1. INTRODUCTION
SARS-CoV-2 is highly pathogenic in human, which leads to the COVID-19
pandemic and poses immeasurable public health challenges to the
world.[1] The infection of SARS-CoV-2 exhibits a
diverse clinical presentation, ranging from mild cases to a respiratory
distress syndrome with high morbidity and
mortality.[2] The importance of effective vaccines
is highlighted to control the COVID-19 pandemic. The effectiveness of
vaccines based on spike protein or receptor binding domain (RBD) has
been established in clinical trials.[3] Recently,
several vaccines have been authorized for emergent use against
SARS-CoV-2, based on the inactivated viruses, recombinant viral vectors,
mRNA, and recombinant proteins.[4-6] However, the
emergence of SARS-CoV-2 variants such as Delta and Omicron strains
significantly lowered the effectiveness of
vaccines.[7]
ORF8 is a rapidly evolving accessory protein that has been proposed to
interfere with immune responses.[8] ORF8 showed
strong inhibition on IFN-β and NF-κB-responsive
promoter.[9] ORF8 disrupts antigen presentation
and reduces the recognition and the elimination of virus-infected cells
by cytotoxic T lymphocytes (CTLs).[10] Thus, ORF8
is a potential antigen target for the vaccine development and a
supplement to S protein, due to its lower mutation rate than S
protein.[11-12]
However, ORF8 lacks the pathogen-associated molecular patterns and
displays low immunogenicity, which necessitates the adjuvants or the
delivery system to stimulate the immune system. Alum salts, MF59, AS03,
AS04, AF03 and QS-21 have been approved as vaccine adjuvants for
clinical use, which have been used for SARS-CoV-2 vaccines. However,
these adjuvants may lead to the undesirable effects such as
inflammation, toxicity, allergy, and
immunosuppression.[13]
Antigen delivery system with the inherent adjuvant activity is highly
desirable for development of SARS-CoV-2 vaccines. In particular,
covalent conjugation of a carrier protein with antigens or
self-conjugation of antigens is a potent antigen delivery
strategy.[14-15] CRM197 is a
carrier protein possessing T-helper cell epitopes and can activate T
helper cells for antigens.[16] Recently,
CRM197 has been covalently conjugated with bacterial
capsular polysaccharide to enhance the activation of B and T
cells.[17] Eight-arm polyethylene glycol (PEG)

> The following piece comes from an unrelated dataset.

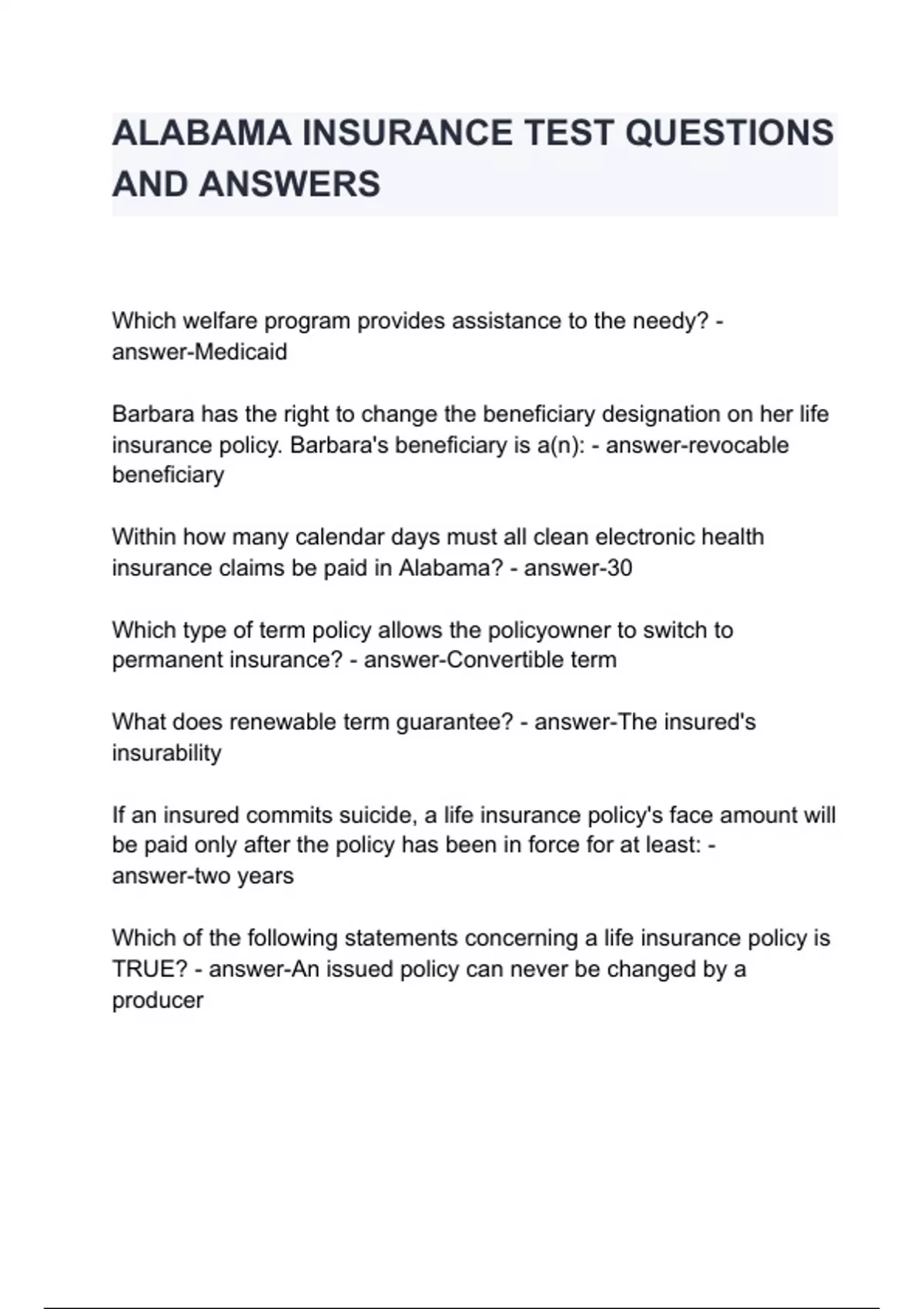 Which welfare program provides assistance to the needy? - answer-Medicaid Barbara has the right to change the beneficiary designation on her life insurance policy. Barbara's beneficiary is a(n): - answer-revocable beneficiary Within how many calendar days must all clean electronic health insurance claims be paid in Alabama? - answer-30 Which type of term policy allows the policyowner to switch to permanent insurance? - answer-Convertible term What does renewable term guarantee? - answer-The insured's insurability If an insured commits suicide, a life insurance policy's face amount will be pa

could covalently conjugate multiple antigen molecules in one entity and
improve the immunogenicity of antigens.[18-19]
In the present study, SARS-CoV-2 ORF8 was expressed by E.coli ,
denatured and purified with high purity. ORF8 was covalently conjugated
with CRM197 and self-conjugated with 8-arm PEG to
improve the immunogenicity of ORF8, respectively. ORF8 administrated
with aluminum adjuvant acted as the control. The cellular and humoral
immune responses to the conjugates (ORF8-CRM and ORF8-PEG) were
evaluated in the BALB/c mice. The potential toxicity of the conjugates
to the cardiac, liver and renal functions was measured. ORF8-CRM and
ORF8-PEG were expected to act as an effective vaccine to provide the
immune protection against SARS-CoV-2.